Fifty patients (mean age 45±19, range 13-81 years) monitored with FDG PET-CT to assess treatment response for lymphoma were selected for this retrospective analysis under an institutional review board waiver. Overall, 30 scans obtained before treatment, 97 obtained during chemotherapy and 160 obtained after therapy were assessed for FDG activity in the testes as well as blood pool activity. Clustered Wilcoxon rank tests were used to analyze the correlation between FDG activity and chemotherapy status, as well as blood pool activity.

Testicular FDG uptake was statistically significantly lower before treatment (mean SUV: 2.96±0.15) than during (mean SUV: 3.3±0.14, p=0.03) or after chemotherapy (mean SUV: 3.43±0.10, p=0.01). Testicular FDG uptake did not decrease in patients under chemotherapy. During follow-up after chemotherapy (mean 3.7 ± 4 years, range 33 days–15 years) testicular FDG uptake did not significantly increase over time. There was a statistically significant correlation between blood pool activity and FDG uptake in the testes (p<0.001).

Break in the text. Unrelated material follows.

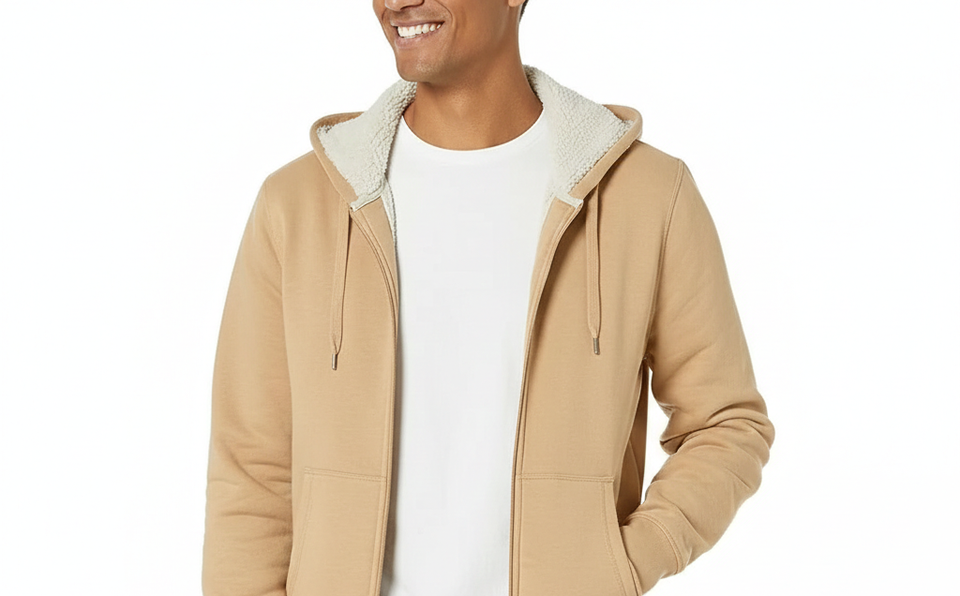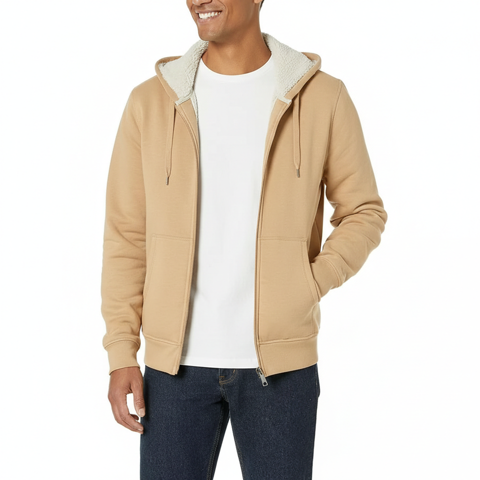 Men's Zipper-Up Fleece Hoodie 100% Cotton Thermal Long Sleeve Outdoor Tactical Warm Fuzzy OEM Service Front Coats Hooded Outwear
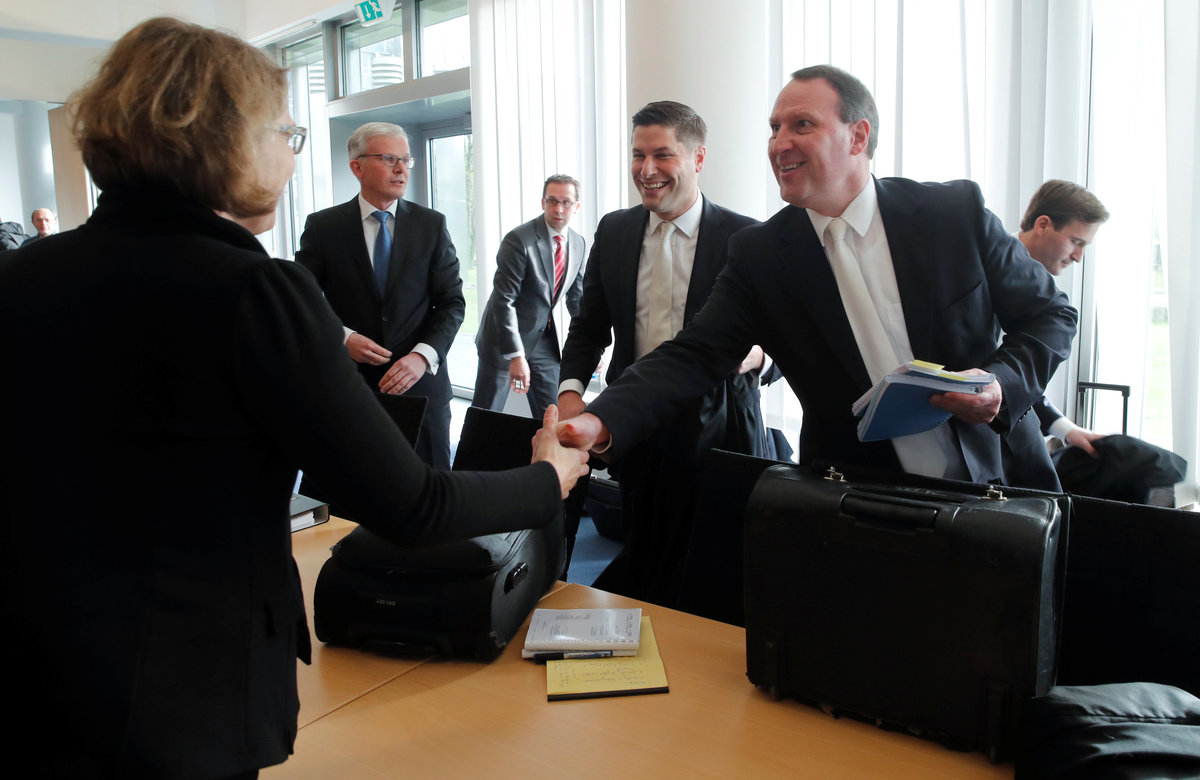 Roda Verheye, lawyer of Peruvian farmer and mountain guide Saul Luciano Lliuya (not pictured), welcomes Herbert Poster, one of five lawyers of RWE, one of Europe's biggest electricity companies, before their appeal against RWE for causing the climate change at the high regional court of Hamm, Germany, November 13, 2017. REUTERS/Wolfgang Rattay

In this study, FDG activity in the testes did not decrease under chemotherapy, which suggests that testicular FDG activity may not correlate with fertility. The high correlation between testicular FDG uptake and blood pool activity may reflect the fact that the testes are well-perfused organs.

FDG activity in the testes is more likely to be related to blood pool activity than to fertility. FDG PET/CT therefore cannot be used to monitor fertility during chemotherapy.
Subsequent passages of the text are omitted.